Negli ultimi 10 anni, in tutta Europa, si è assistito ad una crescita di attenzione verso i prodotti dell’agricoltura biologica. Senza scomodare paragoni danteschi basta farci accompagnare dal Virgilio telematico di internet, o basta semplicemente, meglio ancora, parlare con qualche esperto, per aver chiaro che l’agricoltura biologica differisce dagli altri tipi di agricoltura per molti aspetti. Seguendo la Guida sulla normativa comunitaria in materia di agricoltura biologica, facilmente scaricabile dalla rete, possiamo riferirci alla definizione data dal Codex Alimentarius sulla base di contributi di esperti di livello mondiale: l’agricoltura biologica è considerata come un sistema globale di produzione agricola (vegetale e animale) che privilegia le pratiche di gestione piuttosto che il ricorso a fattori di produzione di origine esterna.
In quest’ottica i metodi colturali biologici e meccanici vengono impiegati di preferenza al posto dei prodotti chimici di sintesi. Consultando il sito dell’Associazione mediterranea agricoltura biologica (www.amab.it), si comprende come, in concreto, la fertilità del terreno venga salvaguardata mediante l’utilizzo di concimi organici, la pratica delle rotazioni colturali e lavorazioni attente alla struttura del suolo. Per il controllo delle malattie e degli insetti nocivi si rispettano i meccanismi naturali dell’ambiente e si evita l’impiego di fertilizzanti chimici, ormoni della crescita, antibiotici o manipolazioni genetiche. Giacomo Tosti, ricercatore della Facoltà di Agraria dell’Università di Perugia, ci spiega che alla base dell’agricoltura biologica vi è un principio di autonomia della natura, per cui il coltivatore biologico agisce sulla terra solo con il proprio lavoro e utilizza solo i mezzi agronomici che la natura stessa gli mette a disposizione, senza intervenire con altri strumenti esterni, come, appunto, sarebbero, quelli della chimica, questo ovviamente comporta una drastica diminuzione degli sprechi.
“Ciò che il coltivatore ha a disposizione” spiega Tosti – lo usa cercando di raggiungere la massima efficienza, così non ci sono sprechi e, ovviamente, si produce meno inquinamento.
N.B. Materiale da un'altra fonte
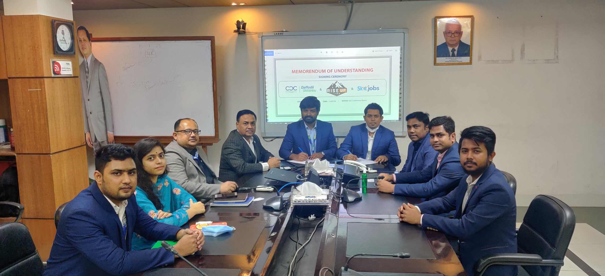 The signing ceremony was attended by Mr. Md. Shumsud Doha, Assistant Director, CDC, DIU, and Mr. Moshiur Rahman (Management Officer) of Riseup Labs and other high officials of the Career Development Center (CDC) of Daffodil International University (DIU).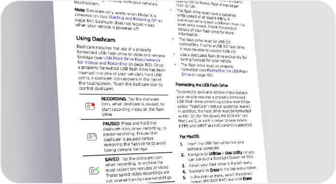 Dashcam Dashcam About Dashcam • Use a flash drive with as much available storage as possible, since video footage Note: Dashcam is a BETA feature. takes up a large amount of space (Tesla In addition to supporting Autopilot features, recommends using a flash drive with at the cameras can record and store video least 32 GB of storage). Some personal footage on a USB flash drive. This can be computer operating systems may not be convenient in situations where you want a able to format flash drives larger than 32 video recording of a particular incident, such GB as FAT 32. Consider using a third party as a collision. You can pause, resume, or save application to format flash drives larger video recordings directly from your vehicle‡s than 32 GB. touchscreen. • The flash drive must have a sustained Note: Dashcam only works when Model X is write speed of at least 4 MB/s. A powered on (see Starting and Powering Off on sustained write speed is different from the page 54). Dashcam does not record video peak write speed. Check the product when your vehicle is powered off. details of your flash drive for more information. • The flash drive must be USB 2.0 Using Dashcam compatible. If using a USB 3.0 flash drive, Dashcam requires the use of a properly it must be able to support USB 2.0. formatted USB flash drive to store and retrieve • Use a dedicated flash drive exclusively for footage (see USB Flash Drive Requirements saving footage for your vehicle. for Videos and Recording on page 162). Once • The flash drive must be properly a properly formatted USB flash drive has been formatted (see Formatting the USB Flash inserted into one of your vehicle's front USB Drive on page 162). ports, a dashcam icon appears at the top of the touchscreen. Touch the dashcam icon to Formatting the USB Flash Drive control dashcam: To correctly save and retrieve video footage, RECORDING. Tap the dashcam your vehicle requires a properly formatted icon, when dashcam is paused, to USB flash drive containing a base-level folder start recording video on the flash called “TeslaCam” (without quotation marks). drive. In addition, the flash drive must be formatted as FAT 32 (for Windows), MS-DOS FAT (for PAUSED. Press and hold the Mac), ext3, or ext4 in order to save videos. dashcam icon, when recording, to NTFS and exFAT are not currently supported. pause recording. Ensure that dashcam is paused before For MacOS: removing the flash drive to avoid 1. Insert the USB flash drive into your losing camera footage. personal computer. SAVED. Tap the dashcam icon, 2. Navigate to Utilities > Disk Utility (or you when recording, to archive the can conduct a Spotlight Search for this). most recent ten minutes of video. 3. Select your flash drive in the left menu. These saved video recordings are 4. Navigate to Erase in the top menu ribbon. not overwritten by new recordings. 5. In the pop-up menu, select the correct format (MS-DOS FAT) and click Erase. Note: Dashcam automatically begins recording Note: Selecting Erase completely erases when you insert a properly configured USB all content on your flash drive. If you have flash drive into one of the front USB ports. other content stored on the flash drive, migrate it to a different device before USB Flash Drive Requirements for erasing it. Videos and Recording 6. Once the flash drive is successfully erased, navigate to Finder and select your USB Flash drives used to store video from your flash drive from the left menu. The flash vehicle's cameras must meet these drive should not contain any files. requirements: 7. Right-click in the empty space of the flash drive and select New Folder. A folder appears in your flash drive space. Driving 83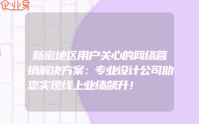 - 新密地区用户关心的网络营销解决方案:专业设计公司助您实现线上业绩飙升!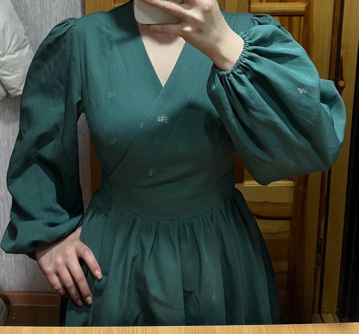 Фасон: Платье-халат (фиксируется поясом на бант). Без дефектов . На рост 160 см длина этого платья будет прямо по колено. Артикул: 498554

Ma il vantaggio è anche quello dei produttori che evitano consumi inutili nel percorso di produzione’. Il dibattito sui possibili futuri sviluppi dell’agricoltura biologica è aperto. Il sito dell’Unione europea (www.europa.eu.int) è chiaro nel delineare l’importante ascesa della produzione biologica. Dall’entrata in vigore della normativa comunitaria sull’agricoltura biologica nel 1992, più di diecimila aziende in Italia si sono convertite a questo sistema, in risposta ad un aumento della domanda di questo tipo di prodotti che offrono garanzie di qualità e informazioni sui metodi di produzione. Oltre a garantire la produzione di un cibo sicuro, è anche ecologico. Rimane però il problema dei prezzi. I prodotti biologici sono sempre stati più costosi di quelli ottenuti con metodi tradizionali.
Ora però c’è un numero sempre maggiore di consumatori disposti a pagare di più alimenti che offrano maggiori garanzie di qualità e di sicurezza. Il futuro, tuttavia, per adesso, non sembra poter essere quello della grande distribuzione, ciò su cui invece è orientata l’agricoltura biologica è la sua applicazione verso una produzione di qualità, l’agronoma Francesca Smacchi suggerisce che sia proprio questa la strada da seguire: “Le produzioni di qualità come quella dell’olivo qui da noi, in Umbria, hanno avuto un grande successo, bisogna lavorare su questa strada, confidando sempre nella grande onestà da parte dei produttori nell’attenersi alla norme stabilite per l’agricoltura biologica”.